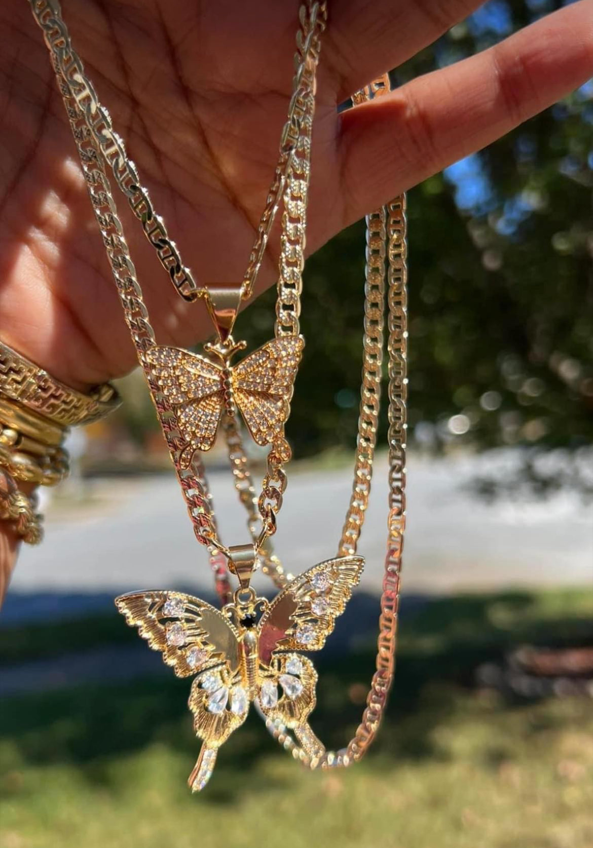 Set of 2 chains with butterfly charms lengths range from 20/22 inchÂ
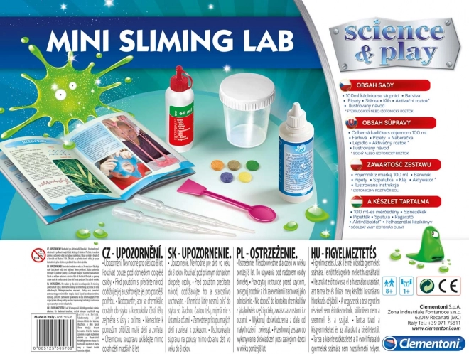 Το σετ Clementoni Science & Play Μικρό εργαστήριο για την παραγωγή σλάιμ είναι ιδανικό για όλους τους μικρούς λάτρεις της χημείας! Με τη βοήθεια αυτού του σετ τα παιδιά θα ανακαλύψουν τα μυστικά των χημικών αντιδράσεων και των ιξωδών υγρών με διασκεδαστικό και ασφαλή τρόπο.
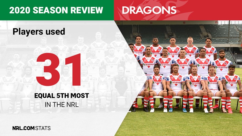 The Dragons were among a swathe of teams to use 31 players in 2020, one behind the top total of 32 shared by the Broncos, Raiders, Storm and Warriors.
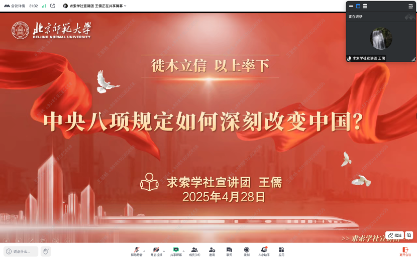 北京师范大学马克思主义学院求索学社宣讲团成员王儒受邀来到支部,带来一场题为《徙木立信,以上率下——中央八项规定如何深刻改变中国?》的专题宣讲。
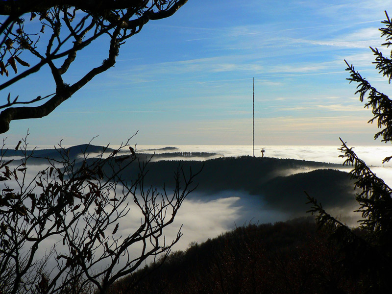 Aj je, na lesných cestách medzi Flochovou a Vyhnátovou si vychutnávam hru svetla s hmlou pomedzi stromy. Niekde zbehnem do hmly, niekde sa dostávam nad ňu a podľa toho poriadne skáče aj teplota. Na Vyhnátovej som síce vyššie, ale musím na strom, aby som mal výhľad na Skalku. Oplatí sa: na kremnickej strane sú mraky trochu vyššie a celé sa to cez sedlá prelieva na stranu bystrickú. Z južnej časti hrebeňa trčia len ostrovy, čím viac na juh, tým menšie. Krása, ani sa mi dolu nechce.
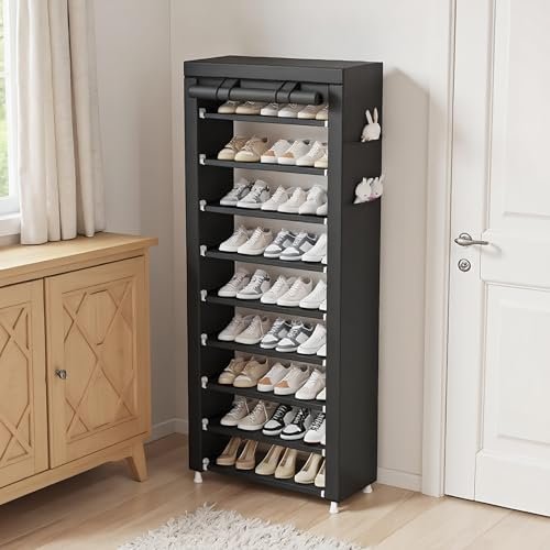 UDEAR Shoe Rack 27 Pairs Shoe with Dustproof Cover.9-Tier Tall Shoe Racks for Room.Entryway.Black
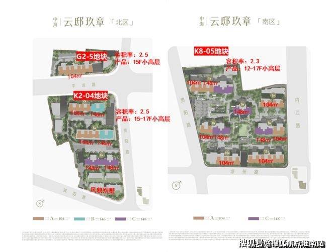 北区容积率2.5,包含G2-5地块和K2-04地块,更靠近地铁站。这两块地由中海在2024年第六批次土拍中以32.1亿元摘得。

════════

_TASK TO COMPLETE_
Write every line of the data out again exactly, leaving out all images.

_FINISHED TASK_
 Set of 2 chains with butterfly charms lengths range from 20/22 inchÂ
 Το σετ Clementoni Science & Play Μικρό εργαστήριο για την παραγωγή σλάιμ είναι ιδανικό για όλους τους μικρούς λάτρεις της χημείας! Με τη βοήθεια αυτού του σετ τα παιδιά θα ανακαλύψουν τα μυστικά των χημικών αντιδράσεων και των ιξωδών υγρών με διασκεδαστικό και ασφαλή τρόπο.
 The Dragons were among a swathe of teams to use 31 players in 2020, one behind the top total of 32 shared by the Broncos, Raiders, Storm and Warriors.
 北京师范大学马克思主义学院求索学社宣讲团成员王儒受邀来到支部,带来一场题为《徙木立信,以上率下——中央八项规定如何深刻改变中国?》的专题宣讲。
 Aj je, na lesných cestách medzi Flochovou a Vyhnátovou si vychutnávam hru svetla s hmlou pomedzi stromy. Niekde zbehnem do hmly, niekde sa dostávam nad ňu a podľa toho poriadne skáče aj teplota. Na Vyhnátovej som síce vyššie, ale musím na strom, aby som mal výhľad na Skalku. Oplatí sa: na kremnickej strane sú mraky trochu vyššie a celé sa to cez sedlá prelieva na stranu bystrickú. Z južnej časti hrebeňa trčia len ostrovy, čím viac na juh, tým menšie. Krása, ani sa mi dolu nechce.
 UDEAR Shoe Rack 27 Pairs Shoe with Dustproof Cover.9-Tier Tall Shoe Racks for Room.Entryway.Black
 北区容积率2.5,包含G2-5地块和K2-04地块,更靠近地铁站。这两块地由中海在2024年第六批次土拍中以32.1亿元摘得。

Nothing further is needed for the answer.